- Your assignment: Each line in the material below, starting at the one that contains "1844* USA , commemorative" and ending at the one that contains "Figure 2b. The", should be repeated exactly; the pictures should not.
(Input material)
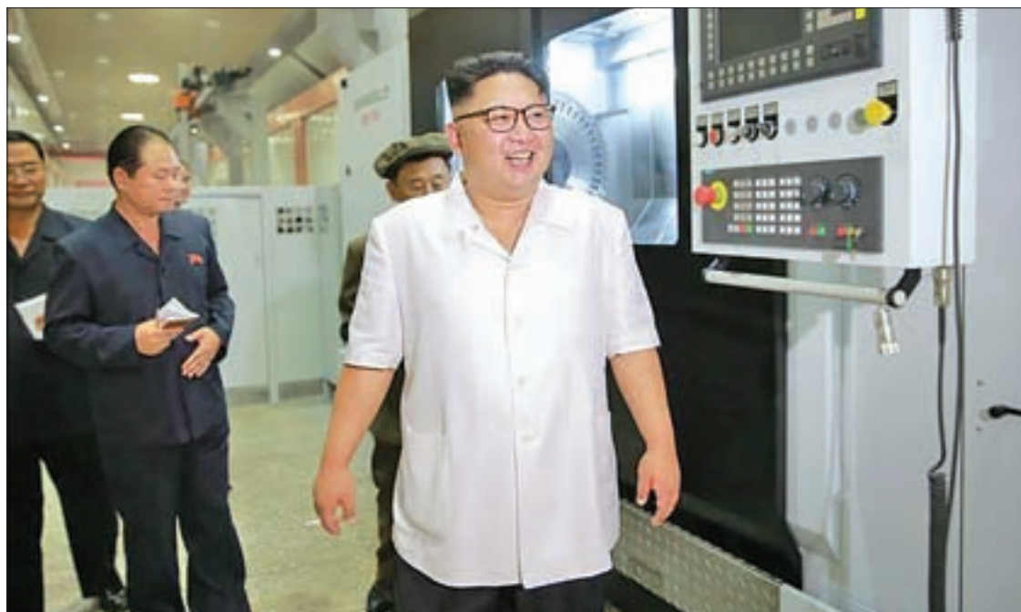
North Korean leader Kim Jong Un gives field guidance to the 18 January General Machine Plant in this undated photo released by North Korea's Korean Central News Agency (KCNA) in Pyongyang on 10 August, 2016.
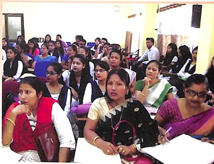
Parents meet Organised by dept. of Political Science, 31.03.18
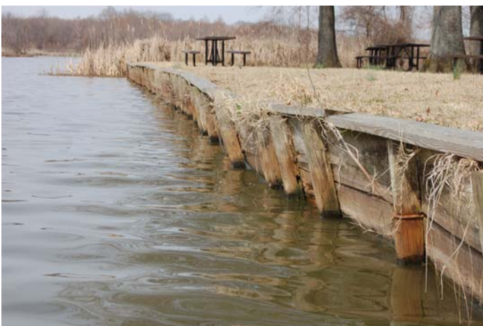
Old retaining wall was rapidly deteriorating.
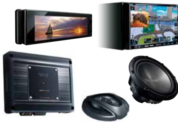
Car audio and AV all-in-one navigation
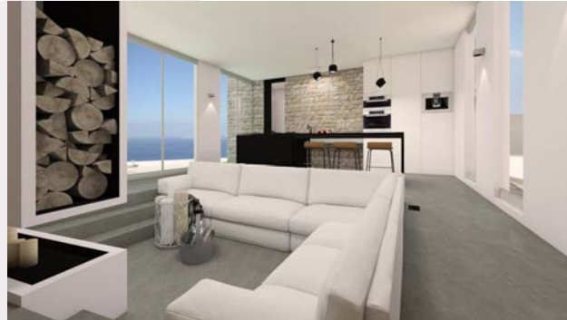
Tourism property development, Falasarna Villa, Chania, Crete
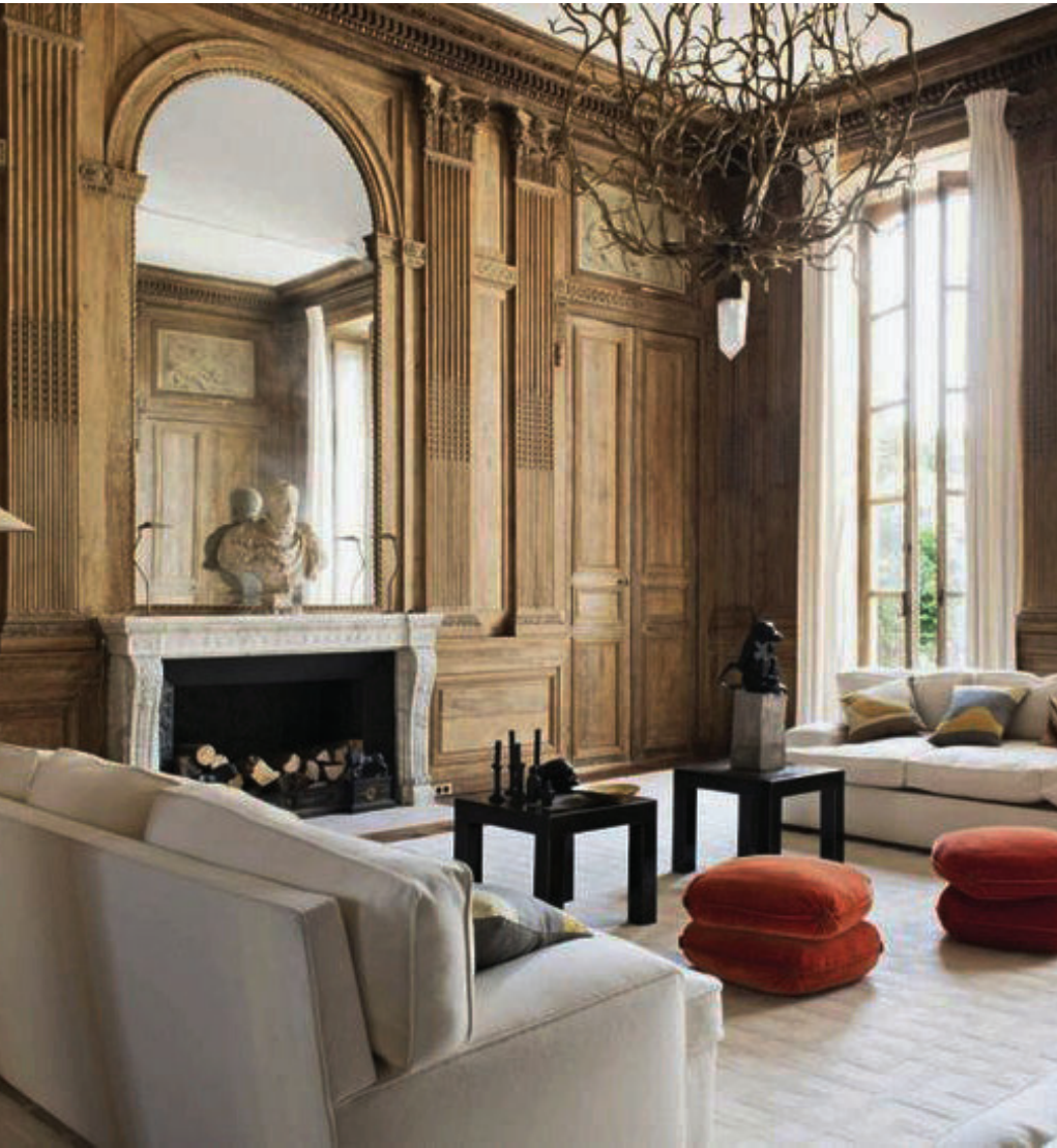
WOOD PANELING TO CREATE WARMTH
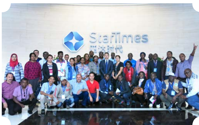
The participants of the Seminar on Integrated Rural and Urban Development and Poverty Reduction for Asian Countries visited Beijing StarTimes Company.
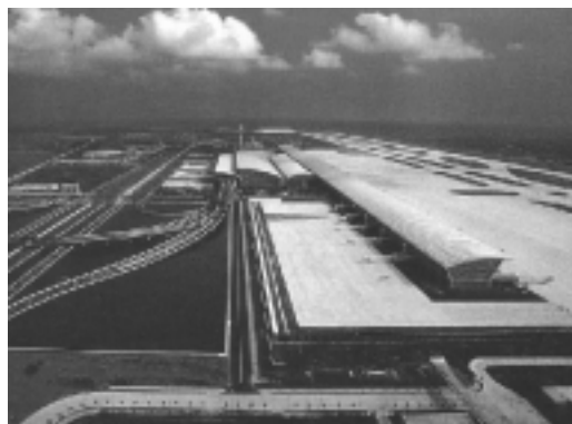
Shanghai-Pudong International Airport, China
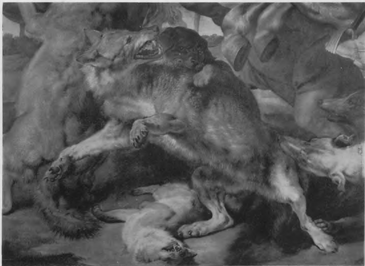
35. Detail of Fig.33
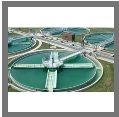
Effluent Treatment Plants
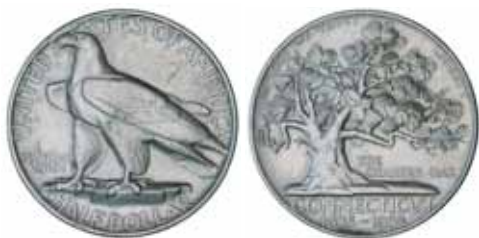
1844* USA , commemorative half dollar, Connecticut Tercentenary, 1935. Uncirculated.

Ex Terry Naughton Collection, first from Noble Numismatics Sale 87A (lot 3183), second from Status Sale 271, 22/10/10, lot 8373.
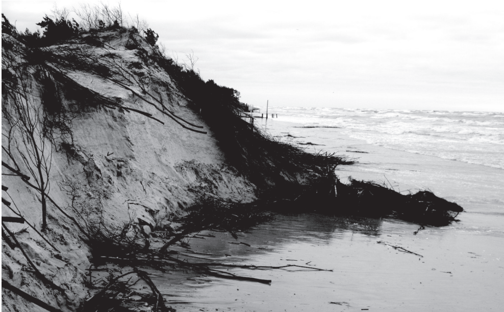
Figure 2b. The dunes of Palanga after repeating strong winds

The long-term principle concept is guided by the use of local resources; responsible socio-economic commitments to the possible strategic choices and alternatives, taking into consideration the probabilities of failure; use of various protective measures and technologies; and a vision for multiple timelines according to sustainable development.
(End Input material)
- Written solution:
1844* USA , commemorative half dollar, Connecticut Tercentenary, 1935. Uncirculated.

Ex Terry Naughton Collection, first from Noble Numismatics Sale 87A (lot 3183), second from Status Sale 271, 22/10/10, lot 8373.
Figure 2b. The dunes of Palanga after repeating strong winds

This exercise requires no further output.